More spacecraft will be sent to orbit this year than ever before in human history, and the number of satellite launches is only anticipated to increase through the rest of the decade. Under these crowded conditions, being able to maneuver satellites in space and deorbit them when they reach the end of their useful life will be key.
Enter Aurora Propulsion Technologies. It’s one of a handful of startups that has emerged in the past few years to help simplify the problem of spacecraft propulsion. Since its founding in 2018, the Finnish company has developed two products – a tiny thruster engine and a plasma braking system – and will be testing both in an in-orbit demonstration in the fourth quarter of this year. Aurora’s activities have caught the eye of investors: the company has just closed a €1.7 million ($2 million) seed round to bring its technology to market.
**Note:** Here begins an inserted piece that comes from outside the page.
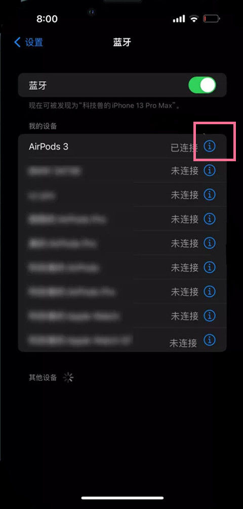 2、选择耳机名称右侧的i图标并进入到耳机设置中。

The round was led by Lithuanian VC firm Practica Capital, with additional participation from the state-owned private equity company TESI (Finnish Industry Investment Ltd.) and Kluz Ventures. Individual investors also participated.
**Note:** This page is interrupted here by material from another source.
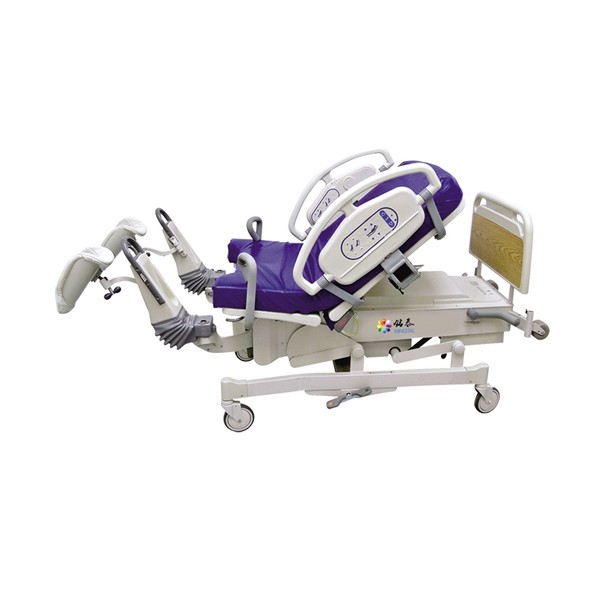 3、床面可整體上升、下降;背板折起,腳板升降為電動(dòng)馬達(dá)控制;座板折起;采用氣彈結(jié)構(gòu),在調(diào)節(jié)范圍內(nèi)角度可任選,以助于產(chǎn)婦順利分娩,腳部床板還可脫卸,床板下有污物盤,兩側(cè)的腿架,隱藏式扶手結(jié)合使用,便于接生工作,整床軟墊可脫卸,便于清洗,為國內(nèi)各大醫(yī)院習(xí)慣所使用。

Aurora’s first in-orbit demonstration, Aurora Sat-1, will be heading to space on a Rocket Lab rideshare mission, the company announced last month. On that satellite will be two modules. The first module will contain six Aurora “resistojet” engines, designed to help small spacecraft adjust their attitude (the satellite’s orientation, not its mood) and de-tumble. Aurora will also test its Plasma Brake technology, which could be used to de-orbit satellites or even to conduct deep space missions.
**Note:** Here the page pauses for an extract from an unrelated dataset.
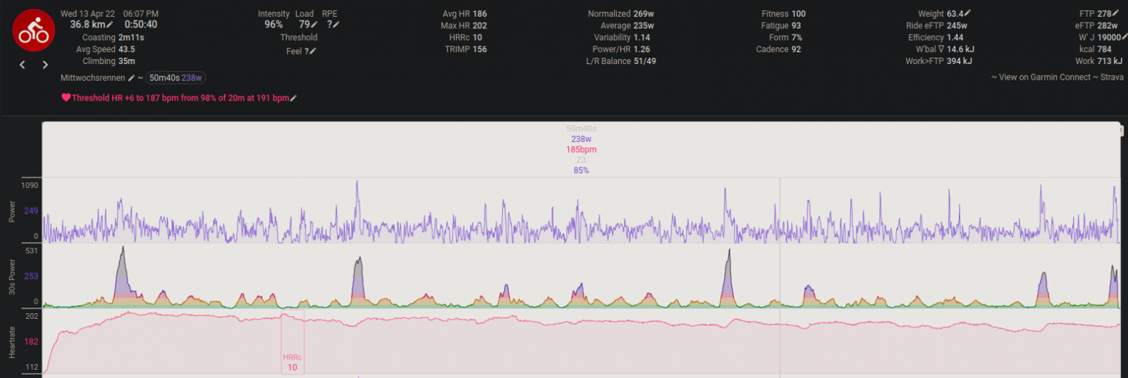 Ich als Trainingsweltmeister kann sagen, dass mir ein paar Rennen gut getan hättenDie Frage ob Wettkämpfe oder vergleichbare Belastungen strukturiertes Training ersetzen können, ist ein hier sehr beliebtes Thema für Grabenkämpfe und ich würde vorschlagen diese Büchse nicht wieder (in diesem Thread) zu öffnen.

Each resistojet thruster comes in at just around one centimeter long, and it moves the spacecraft using microliters of water and propellant. The six thrusters are distributed around the satellite in such a way to facilitate movement in virtually any direction, and the thruster can also modulate the temperature of the water and the strength of the puff of steam that’s discharged to generate movement.
Aurora CEO Roope Takala, who previously worked for Nokia, likened the innovations in weight and size in the space industry – which we see in the resistojet – to what happened to cell phones and computers twenty years ago. “The industry moves very slow,” he said in a recent interview with ProWellTech. “In the old space era, it took a quarter to develop a rocket engine – that would be a quarter of a century. Now, it takes two quarters of a year. That’s what we did.”
The Plasma Brake uses an electrically charged microtether to generate a lump of protons to generate drag. That’s ideal for de-orbiting a spacecraft, but interestingly (and counterintuitively), the Plasma Brake could also be used for traveling away from the planet, Takala said. That’s because when you go outside the Earth’s magnetosphere, the Plasma Brake becomes unstable and moves with solar wind (which is also plasma). “The same product can jump onto that flow of plasma from the sun and extract energy from that,” Takala explained. “In that context we can use it as an interplanetary traveling tool.”
Theoretically, if a spacecraft was equipped with multiple tethers extending different directions, it could be used to rotate and guide the spacecraft, like a sailboat, he added. This technology is only scalable to a certain degree, however, so don’t expect it to be sending a crewed spacecraft into deep space anytime soon. That’s mostly due to limitations in the material strength of the Plasma Brake tethers, but the tech can be used for satellites up to around 1,000 kilograms.
“That’s our future. That’s where we’re aiming,” Takala said. “We’re focused now for the short term on low Earth orbit with the Plasma Brake and the attitude control [resistojet], and later on when the moon businesses kick off as they are slowly starting to do, then we’ll probably be looking at that way.”
The Plasma Brake and resistojet thruster would need to be put on spacecraft before they launch to orbit, but Aurora is in conversation with other companies of the potential of in-orbit installation of Plasma Brakes for existing space junk. Looking to the short-term, the company is going to use the funding to productize the technology for low Earth orbit and to serialize its production, as well as to add features to the products to equip them for satellites larger than CubeSats.
In the longer term, Aurora has a vision of conducting missions in deep space. “We started off from the idea that we want to make a technology that fits into a really small spacecraft, [and] travels really fast so that we can catch up with the Voyager probes,” Takala said.
“First to the moon and then to Mars, Venus, and then one day we may be able to catch up with the Voyagers and take a big trip.”